Once considered quite rare,
nontuberculous mycobacteria are being recovered with increasing
frequency from respiratory specimens of adolescent and adult patients
suffering from cystic fibrosis (CF) (1, 4). In particular,
Mycobacterium chelonae, Mycobacterium abscessus,
and Mycobacterium fortuitum appear to play an important role
in this group of patients, although other nontuberculous mycobacteria
such as Mycobacterium avium, Mycobacterium
intracellulare, and Mycobacterium kansaii have been
isolated as well (2, 3, 5).
A variety of other microorganisms colonize or infect the respiratory
tracts of CF patients and often hamper the recovery of mycobacteria,
since they rapidly overgrow mycobacterial cultures. Pseudomonas
aeruginosa, in particular, is present in the respiratory tracts of
up to 80% of CF patients. Typically, it survives routine sputum
decontamination with NALC-NaOH
(N-acetyl-L-cysteine-2% sodium hydroxide).
Thus, for eradication of overgrowing bacteria, the most commonly used
laboratory manual recommends treatment with 5% oxalic acid for samples
from the respiratory tracts of CF patients (7).
Whittier and colleagues demonstrated that NALC-NaOH treatment followed
by oxalic acid for initial decontamination significantly reduced
overgrowth by P. aeruginosa (8). In a subsequent
report those authors evaluated their results in a multicenter study
involving 20 participating laboratories by sending out for
mycobacterial culture a panel of five specimens seeded with
pseudomonads and with mycobacteria (9). From their results
Whittier et al. concluded that decontamination of the seeded specimens
with NALC-NaOH and oxalic acid yielded a significant reduction in
bacterial overgrowth and improved recovery of mycobacteria. Thus,
pretreatment with NALC-NaOH and then with oxalic acid prior to
culturing for mycobacteria was recommended as a decontamination
procedure for specimens from the respiratory tracts of CF patients.
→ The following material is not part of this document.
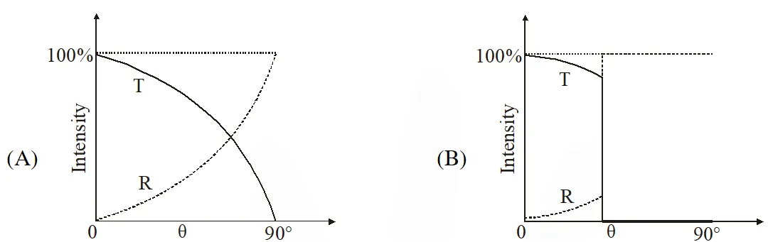 When $\theta=0^{\circ},$ maximum light is transmitted. At $\theta>\theta_{\mathrm{C}}$ (critical angle), no further light is transmitted

In their original studies Whittier and colleagues pointed out that the
combination of NALC-NaOH and oxalic acid, although very effective in
eradicating overgrowing bacteria, might also reduce recovery of
mycobacteria, especially from low-titer specimens. Thus, we designed a
prospective study to examine the recovery rate of mycobacteria from
respiratory specimens of CF patients following the use of either of two
decontamination methods: treatment with NALC-NaOH or treatment with
NALC-NaOH followed by oxalic acid.
Specimens were obtained from 148 patients attending the CF clinic of
the Medical School Hannover between May and November 1998. Respiratory
specimens, including sputa, tracheal aspirates, and specimens recovered
by bronchoscopy, were processed in the Department of Medical
Microbiology for acid-fast bacilli by smearing and culturing. All
mycobacterial specimens were cultured in BACTEC MGIT 960 (Becton
Dickinson, Sparks, Md.). Positive cultures were subjected to species
identification by PCR-mediated amplification of the 16S rRNA gene and
direct sequence determination as described previously (6). A
total of 428 specimens were studied: 14 specimens in an initial pilot
study and 414 specimens in a subsequent prospective study.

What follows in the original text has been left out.